If I were either a good Christian, or a good gardener I would go get ALL the corms - regardless which they were - and replant them after the gophercism. Mine would still come up in September but they mightn't flower. At least they'd still be there.


----------



## Poimen (Jul 18, 2008)

Oh Meg you think that is a problem? Alberta is overrun with gophers. Those little guys are all over my lawn - laughing at me; mocking me; even imitating the silly way I walk to the church. Grrr!


----------



## rjlynam (Jul 19, 2008)

Have you considered using chicken wire?
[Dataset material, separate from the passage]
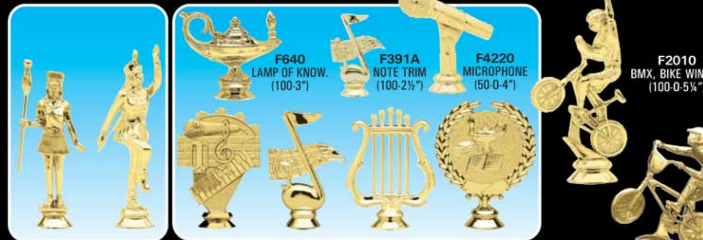
F1821 MAJORETTE (50-O-5 1/2") F2292 MAJORETTE (50-N-6") F390 MUSIC / INSTR. (100-O-4 1/4") F391 MUSIC NOTE (100-O-4 1/4") F392 MUSIC LYRE (100-O-4 1/4") WH112 LAMP OF KNOWLEDGE (100-O-4 1/2") F2010 BMX, BIKE WINNER (100-O-5 1/4") F302 BMX, M (100-N-4 1/4")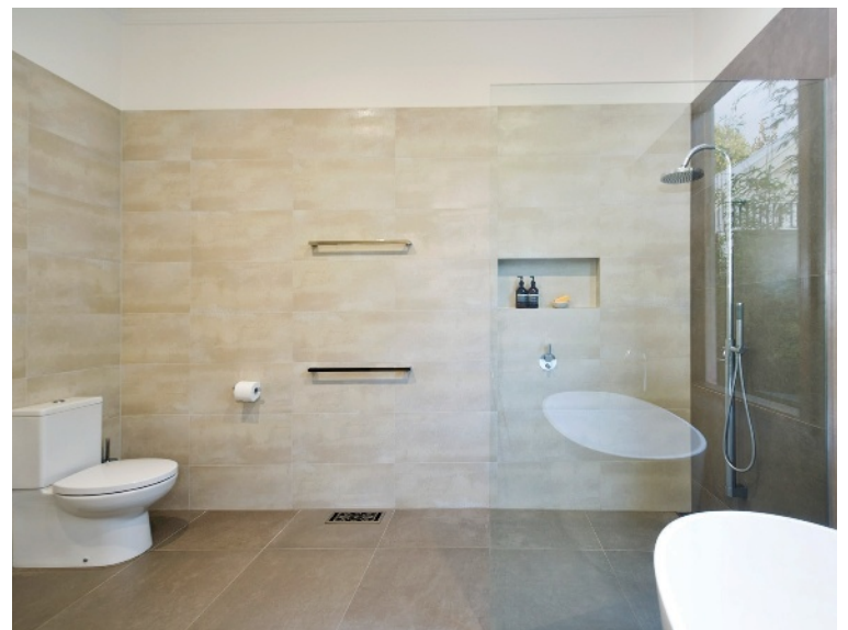
A freestanding, stone composite bathtub with a seating area was used to create initial impact upon entry into the space. A water-saving toilet and showerhead were also used in the design.

I'm not quite sure how deep you have to go, but I think the height of it needs to be a foot above ground.


----------



## turmeric (Jul 19, 2008)

It's too late for chicken-wire this summer, but maybe next year...


----------



## Poimen (Jul 19, 2008)

I heard Juicy Fruit works but I haven't tried it yet. Supposedly it 'gums' up their insides.


----------



## rjlynam (Jul 19, 2008)

Try putting some Bazooka bubble gum in the tunnel. Yes, they still make it. And no, you don't want regular ole chew gum. 

I think you will find the problem gets solved real quick.


----------



## toddpedlar (Jul 19, 2008)

Poimen said:


> Oh Meg you think that is a problem? Alberta is overrun with gophers. Those little guys are all over my lawn - laughing at me; mocking me; even imitating the silly way I walk to the church. Grrr!



Oh Minister of Silly Walks, do your gophers look like this? 







If so, you should try this:






and stop walking to church like this:


----------



## Poimen (Jul 19, 2008)

Todd:

Yes. 

Okay. 

Okay.


----------



## turmeric (Jul 19, 2008)

Bazooka bubble gum, hmmm?


----------



## kvanlaan (Jul 19, 2008)

Castor beans.

That's what my wife's granfather used on their farm in Oklahoma. He grew them himself, then used them with extreme prejudice.


----------



## gene_mingo (Jul 19, 2008)

These are like the ones I use. Just make sure you tie a string to the trap and stake it into the ground. Sometimes them gophers try to crawl away as they die.

Shop at Victorpest.com


----------



## JOwen (Jul 19, 2008)

shot 10 last night! Shot 50 a few weeks ago. Great fun!


----------



## turmeric (Jul 19, 2008)

Okay, I called in to a radio show called the Garden Doctor this morning and he says don't remove the corms but wait to find out exactly what kind of critter it is. If it's a mole, there's no point distrubing the corms as moles don't eat bulbs. Good news, I hope!


----------



## gene_mingo (Jul 19, 2008)

The traps in my link work for moles as well.


----------



## ReformedDave (Jul 19, 2008)

Just planted some poison........I Know it's bad but I hate those little critters!


----------



## Bygracealone (Jul 19, 2008)

toddpedlar said:


> Poimen said:
> 
> 
> > Oh Meg you think that is a problem? Alberta is overrun with gophers. Those little guys are all over my lawn - laughing at me; mocking me; even imitating the silly way I walk to the church. Grrr!
> ...



Did he say "kill the golllllfers" or "gophers"? 

We used those in ground sonic things and they worked... get them at Home Depot...


----------



## Backwoods Presbyterian (Jul 20, 2008)

I use to when I was in High School we used groundhogs as targets to sight-in our 30-06's for Deer season.


----------



## turmeric (Jul 20, 2008)

Backwoods Presbyterian said:


> I use to when I was in High School we used groundhogs as targets to sight-in our 30-06's for Deer season.


 
You do that before deer season? How are you gonna know when spring comes without them groundhogs? Good gried, Benjamin...


----------



## Ivan (Jul 20, 2008)

When I was growing up on the farm ground hogs use to eat a lot of our soybeans. They liked to dig their hole in the railroad that was about a half mile back of our farm. My dad gave me a .22 rifle and told me to "git 'em!" I'd find a spot where I wasn't visual (upwind, of course) and wait for the rascals to come out. 

Ah, the good ol' days!


----------